Task
Restate word for word the entries below, starting at the line with "3mm极细天然玻璃体彩虹碧玺手串手链弹力绳叠戴质感礼物女" and ending at the line with "Mohr’s circles were". Keep both end lines and omit the pictures.

Study material

───

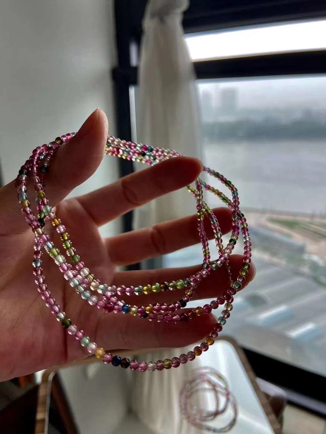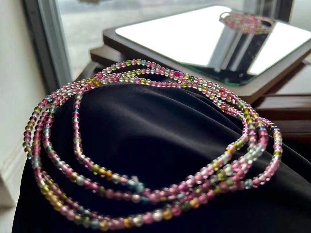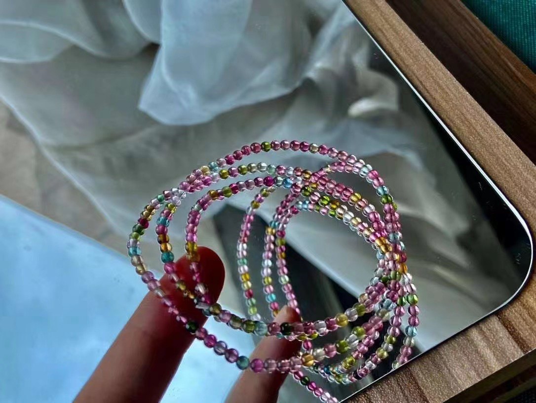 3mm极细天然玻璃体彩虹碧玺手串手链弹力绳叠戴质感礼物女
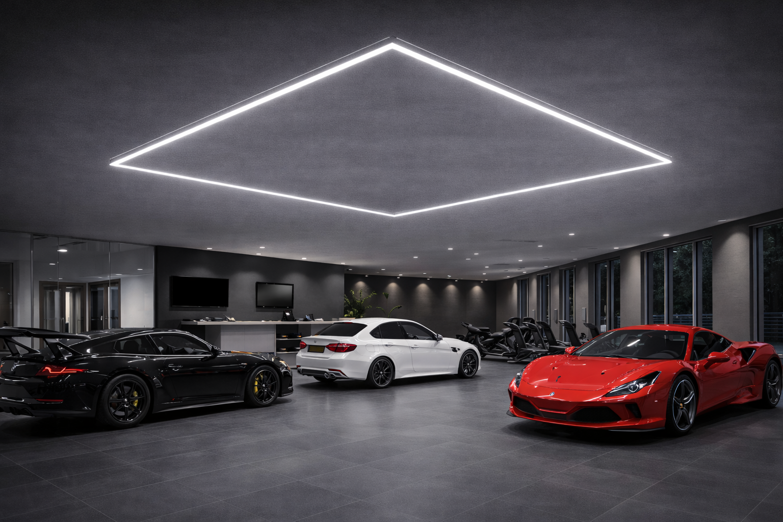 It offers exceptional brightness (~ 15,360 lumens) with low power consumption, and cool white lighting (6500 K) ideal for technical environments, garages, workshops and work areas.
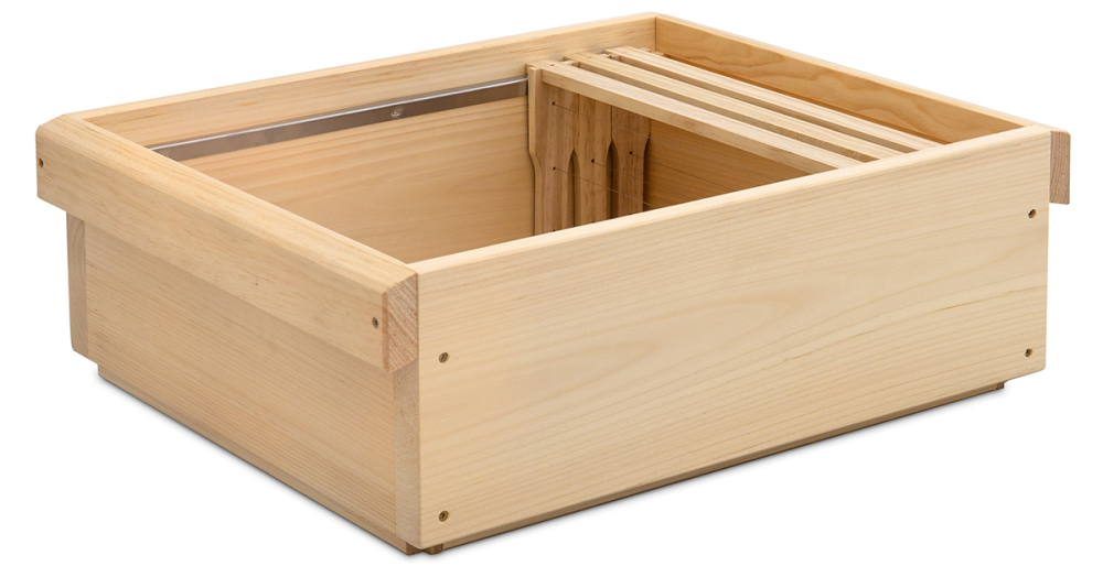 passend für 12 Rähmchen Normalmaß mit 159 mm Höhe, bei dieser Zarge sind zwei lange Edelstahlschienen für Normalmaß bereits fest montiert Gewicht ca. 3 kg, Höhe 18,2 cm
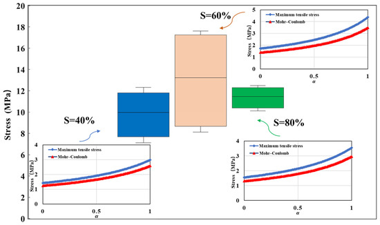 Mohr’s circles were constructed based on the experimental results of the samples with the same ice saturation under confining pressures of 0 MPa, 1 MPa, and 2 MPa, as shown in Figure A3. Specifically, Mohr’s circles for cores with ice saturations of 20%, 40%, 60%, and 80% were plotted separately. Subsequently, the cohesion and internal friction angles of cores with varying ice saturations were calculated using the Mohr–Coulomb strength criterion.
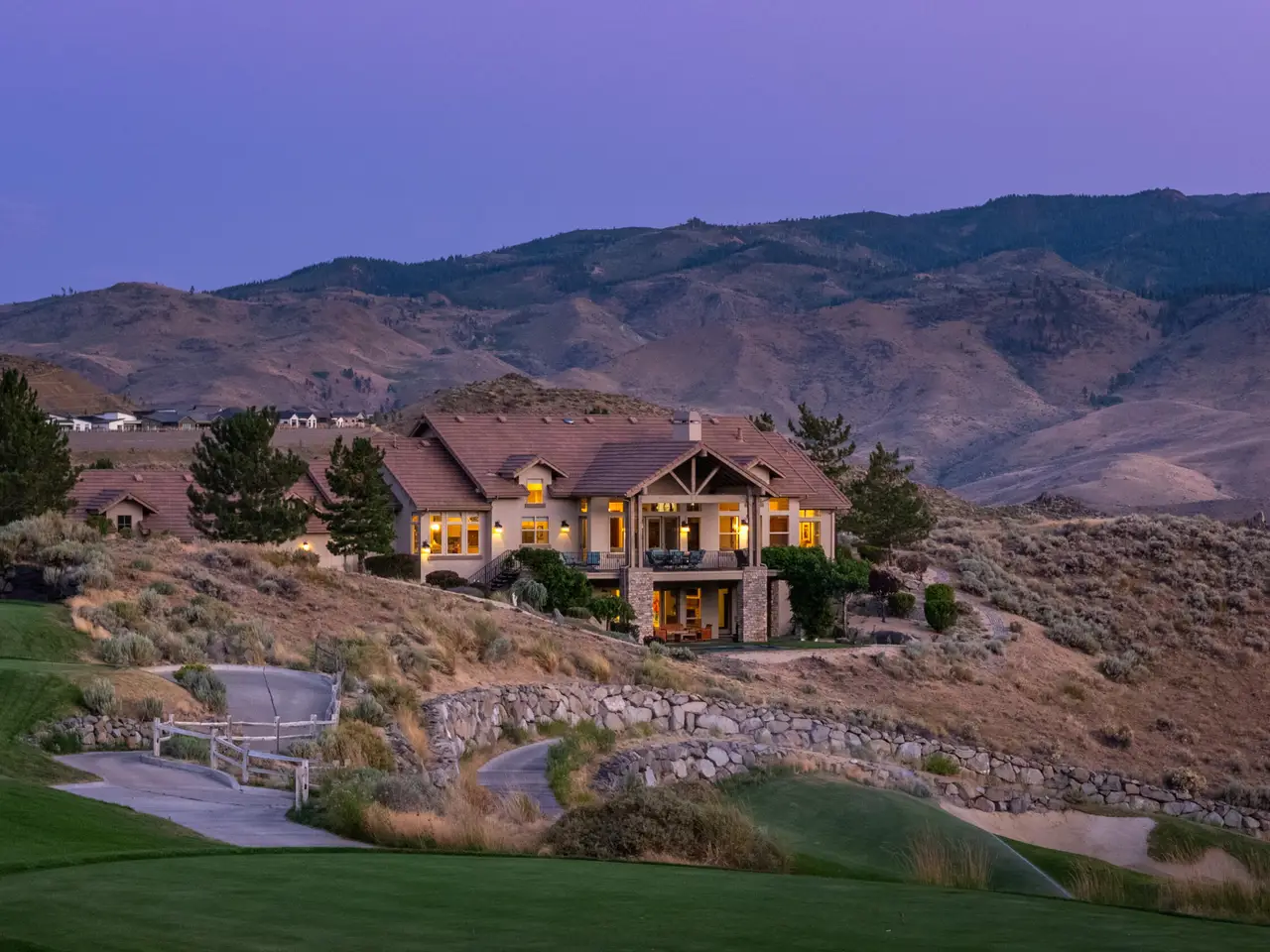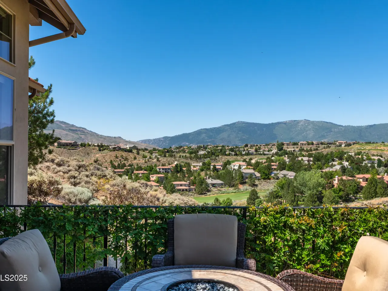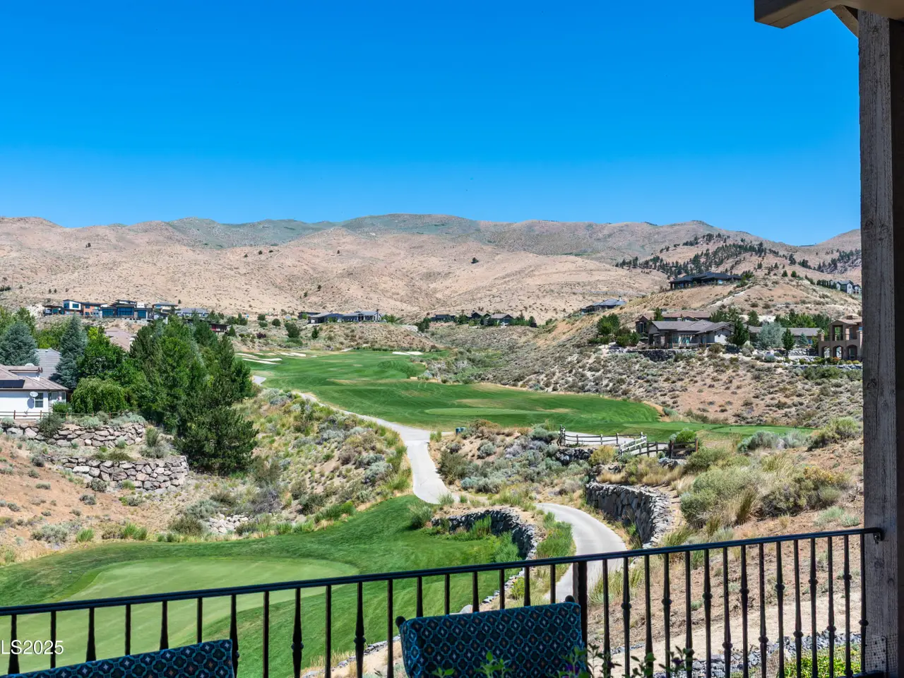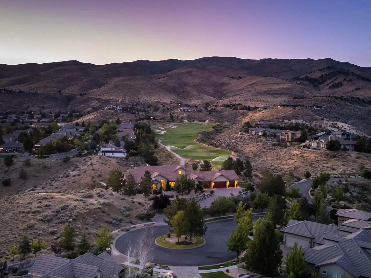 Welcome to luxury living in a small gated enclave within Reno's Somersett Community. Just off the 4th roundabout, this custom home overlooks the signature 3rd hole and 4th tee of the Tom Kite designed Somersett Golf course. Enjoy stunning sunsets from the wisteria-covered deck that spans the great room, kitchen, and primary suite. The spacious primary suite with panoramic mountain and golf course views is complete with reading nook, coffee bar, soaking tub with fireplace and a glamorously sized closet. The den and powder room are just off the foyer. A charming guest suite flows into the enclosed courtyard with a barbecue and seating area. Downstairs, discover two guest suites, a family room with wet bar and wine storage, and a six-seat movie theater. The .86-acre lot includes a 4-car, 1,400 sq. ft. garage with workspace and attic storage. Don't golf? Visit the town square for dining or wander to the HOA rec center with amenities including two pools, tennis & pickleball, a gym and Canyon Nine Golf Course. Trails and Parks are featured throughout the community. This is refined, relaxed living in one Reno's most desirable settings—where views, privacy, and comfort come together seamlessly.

───

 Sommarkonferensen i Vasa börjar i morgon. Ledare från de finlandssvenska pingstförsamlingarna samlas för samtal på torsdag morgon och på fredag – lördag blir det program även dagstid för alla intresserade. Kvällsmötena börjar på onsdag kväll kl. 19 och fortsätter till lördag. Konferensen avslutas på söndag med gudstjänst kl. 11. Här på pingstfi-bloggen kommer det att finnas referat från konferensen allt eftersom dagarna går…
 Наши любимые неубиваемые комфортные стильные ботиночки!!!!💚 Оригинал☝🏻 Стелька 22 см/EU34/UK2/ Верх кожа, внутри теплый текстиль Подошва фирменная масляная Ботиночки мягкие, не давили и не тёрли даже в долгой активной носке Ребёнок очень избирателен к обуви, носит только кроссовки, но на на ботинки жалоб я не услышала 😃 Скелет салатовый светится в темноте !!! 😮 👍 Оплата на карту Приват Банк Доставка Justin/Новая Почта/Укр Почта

───

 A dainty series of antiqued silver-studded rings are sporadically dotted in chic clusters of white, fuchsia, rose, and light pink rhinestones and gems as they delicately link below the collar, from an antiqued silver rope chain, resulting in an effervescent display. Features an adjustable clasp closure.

───

Completed task
 3mm极细天然玻璃体彩虹碧玺手串手链弹力绳叠戴质感礼物女
 It offers exceptional brightness (~ 15,360 lumens) with low power consumption, and cool white lighting (6500 K) ideal for technical environments, garages, workshops and work areas.
 passend für 12 Rähmchen Normalmaß mit 159 mm Höhe, bei dieser Zarge sind zwei lange Edelstahlschienen für Normalmaß bereits fest montiert Gewicht ca. 3 kg, Höhe 18,2 cm
 Mohr’s circles were constructed based on the experimental results of the samples with the same ice saturation under confining pressures of 0 MPa, 1 MPa, and 2 MPa, as shown in Figure A3. Specifically, Mohr’s circles for cores with ice saturations of 20%, 40%, 60%, and 80% were plotted separately. Subsequently, the cohesion and internal friction angles of cores with varying ice saturations were calculated using the Mohr–Coulomb strength criterion.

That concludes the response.